INSTRUCTIONS FOR THE TASK: How many lines of these entries include the string "Lake"? State the number alone.

_ _ _

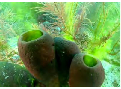
ABOVE: Sponge Garden. Ocean Imaging. Great Southern Reef

LEFT:Blue World: Sponges pumping water – https:// www.youtube.com/ watch?v=pTZ211cljX8
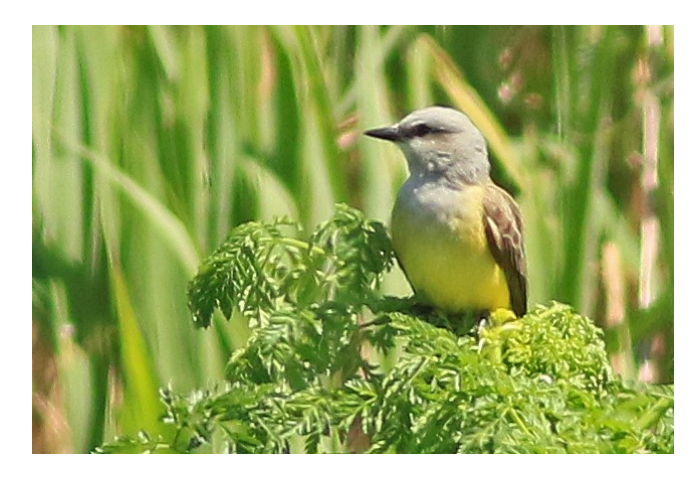
Figure 8. Western Kingbird at Grant Street Marsh, Lake 23 May.

Western Kingbird – In addition to birds possibly nesting again at Evansville airport, Goshen birder Robert Guth discovered one at the Grant Street Wetland, Lake , during the morning of 23 May. The bird then disappeared, but was relocated later that morning by Leland Shaum's group. It lingered through at least 28 May (Kim Ehn) and was seen by many.
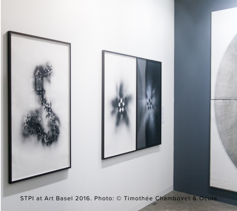
STPI at Art Basel 2016.
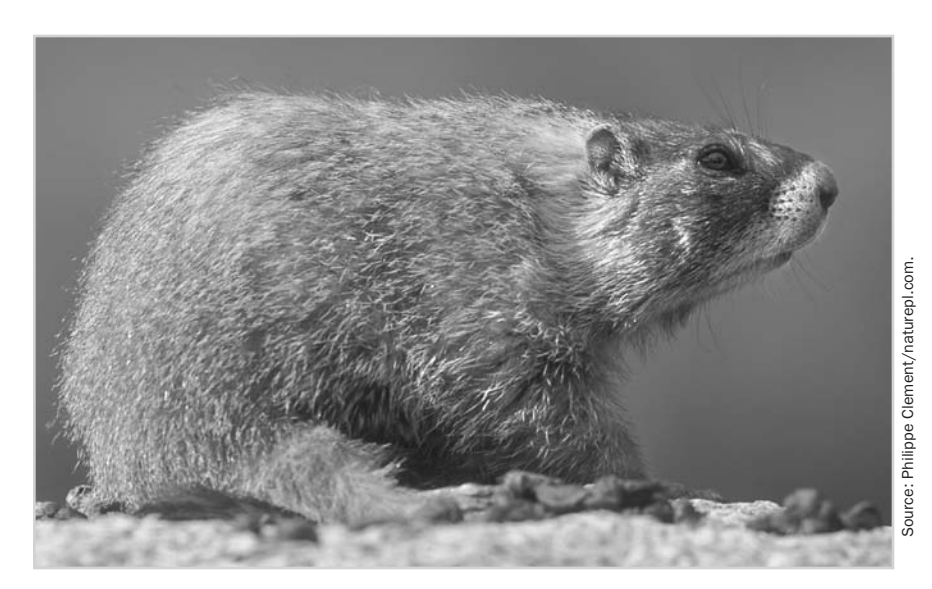
Yellow-bellied marmots (Marmota flaviventris) advanced their emergence from hibernation by 23 days in the Rocky Mountains, presumably due to global warming.

We can choose a course to reverse greenhouse gas growth and promptly change our energy strategy. A step in the right direction was the April 2007 decision by the US Supreme Court that the Environmental Protection Agency can and should regulate greenhouse gas emissions. However, much more is needed.
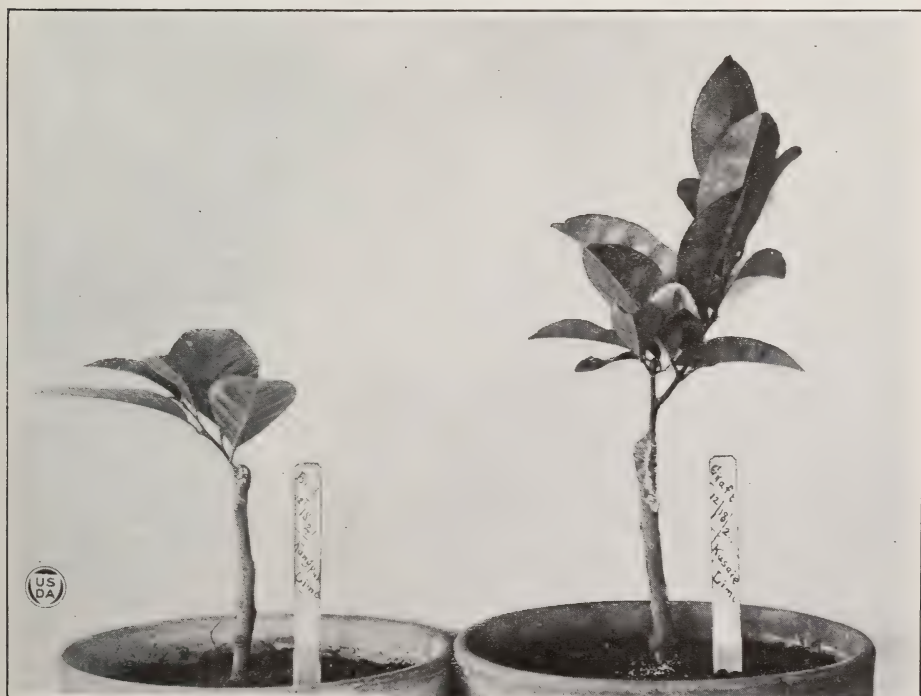
FIG. 2.—LEFT, SHIELD-BUD, LIME ON SOUR ORANGE STOCK. RIGHT, BARK-GRAFT, LIME ON SOUR ORANGE STOCK. BOTH 74 DAYS AFTER GRAFTING.
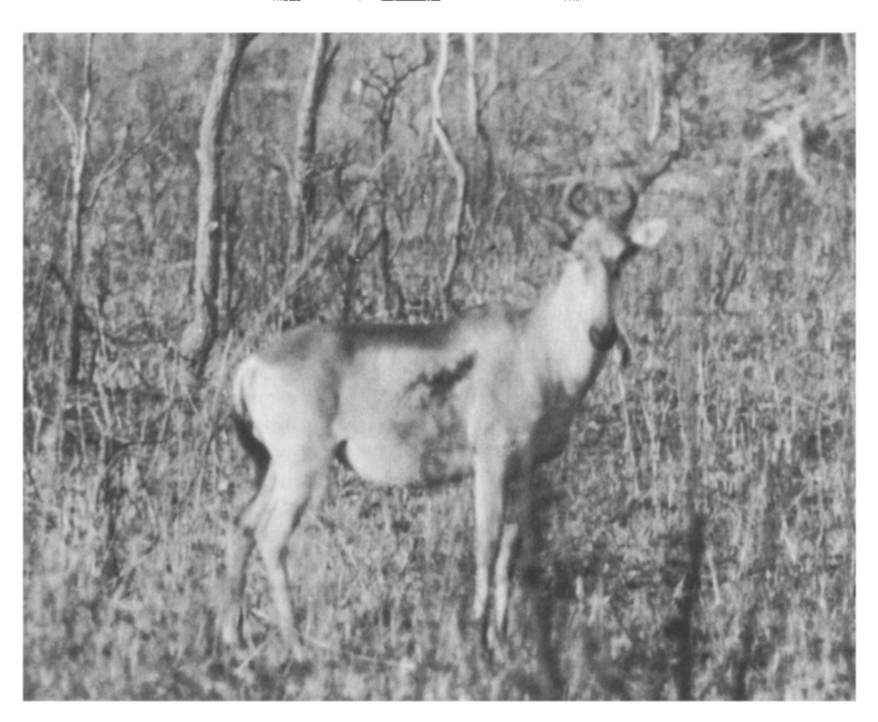
Lichtenstein's hartebeest.

_ _ _

RESULT OF THIS TASK: 2